Data Source Connections with Pre-Existing Auth

  • If you’re using our white labeling add-on, we added a new POST endpoint /integrations/connect so customers can bypass the authentication flow on Carbon by directly passing in an access token.

  • The request takes an authentication object that contains all the necessary pieces of data to connect to user’s account. The object will vary by data source and a list specifying the required keys can be found in our docs. If the connection is successful, the upserted data source will be returned.

  • This endpoint also returns a sync url for some data source types that will initiate the sync process.
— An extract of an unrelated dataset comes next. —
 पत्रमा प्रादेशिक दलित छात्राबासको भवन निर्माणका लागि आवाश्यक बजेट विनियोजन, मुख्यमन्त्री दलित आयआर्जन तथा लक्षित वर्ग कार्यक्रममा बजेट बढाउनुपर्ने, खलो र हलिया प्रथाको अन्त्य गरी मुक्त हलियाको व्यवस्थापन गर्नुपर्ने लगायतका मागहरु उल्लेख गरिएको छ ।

Improvements to CSV, TSV, XLSX, GSheet Parsing

  • You have the option to now chunk CSV, TSV, XLSX, and Google Sheets by tokens via chunk_size and/or rows via max_items_per_chunk parameters. When a file is processed, we will add rows to a chunk until adding the next row would exceed chunk_size or max_items_per_chunk.

  • If a single row exceeds chunk_size or the embedding model’s limit for number of tokens, then the file’s sync_error_message will point out which row has too many tokens.

  • For example:

  • If each CSV row is 250 tokens, chunk_size of 800 tokens and no max_items_per_chunk set, then each chunk will contain 3 CSV rows.
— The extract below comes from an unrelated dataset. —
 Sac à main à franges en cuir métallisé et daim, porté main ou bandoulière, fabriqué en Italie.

  • If each CSV row is 250 tokens, chunk_size of 800 tokens and max_items_per_chunk set to 1, then each chunk will contain 1 CSV rows.

  • Consequently, it is essential to ensure that the number of tokens in a CSV row does not surpass the token limits established by the embedding models. Token counting is currently only supported for OpenAI models currently.

  • You can find more details here.

Improvements to OCR

  • Table parsing in PDFs has been improved significantly with this most recent OCR update.

  • In order to use the enhanced table parsing features, you need to set parse_pdf_tables_with_ocr to true when uploading PDFs (use_ocr must also be true).

    • Any tables parsed when parse_pdf_tables_with_ocr is true have their own chunk(s) assigned to them. These chunks can be identified by the presence of the string TABLE in embedding_metadata.block_types.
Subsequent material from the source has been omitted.